May 15, 2014
Vegetable gardening is a growing trend across Ontario. Gardeners of all ages inspired by the local food movement and a desire for healthy eating are using whatever space in their backyards, patios or balconies to create edible gardens.

As Ontario and the GTA become more ethnically diverse, new Canadians have brought tastes for world crops from Asia, Africa and Latin America. Instead of tomatoes, think tomatillos; instead of green beans, think yard long beans.

Combining these two trends at Canada Blooms this year was the popular Edible Gardens Go Global booth, by Toronto Botanical Garden and the Friends of the Greenbelt Foundation.

Thousands of visitors filled the TBG booth over the 10-day show to get ideas for growing their own world crops this summer. Volunteers gave out 4,000 free packets of okra seeds to interested gardeners.

Among the locally-grown vegetables on display were okra from West Africa, hot peppers from China and Thailand, South Asian yard long beans, and varieties of eggplant from China and India. A repeated question from visitors was, “Where can I pick up seeds to grow these myself?”

Garden centres throughout the region can now expand offerings to include world seeds and seedlings to meet the diverse needs of their consumers.
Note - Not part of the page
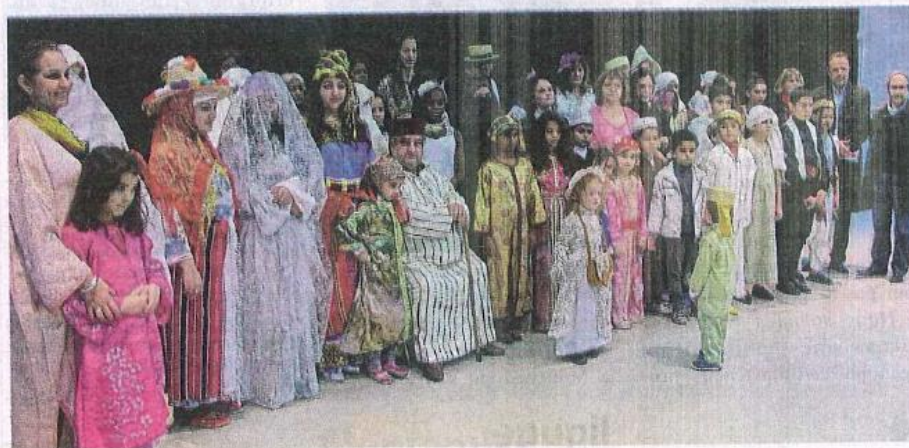
La répétition générale a mobilisé une cinquantaine d'habitants, de tous âges et de toutes origines.

Cette animatrice du Toit du Monde est à l'origine de ces échanges qui ont mobilisé depuis deux mois une cinquantaine d'habitants pour les préparatifs et les répétitions. La Croix-Rouge et Emmaüs ont fourni un complément de vêtements et d'accessoires, en plus de ceux fournis par les habitants. Les mannequins bénévoles seront à l'image de la diversité culturelle de la cité.

Some suppliers already stock world crop seeds. These include William Dam Seed, Ontario Seed and McKenzie Seed Company.

Vineland Research and Innovation Centre is working to commercialize production of some world crops with local farmers. They hope to tap into the estimated $730 million market in the GTA alone — a figure that will increase as more immigrants make the region their home.

This movement to grow local, eat global started in the greenhouses of research centres and with organizations like TBG, and is now taking off among the general public, many of whom want to grow world crops themselves.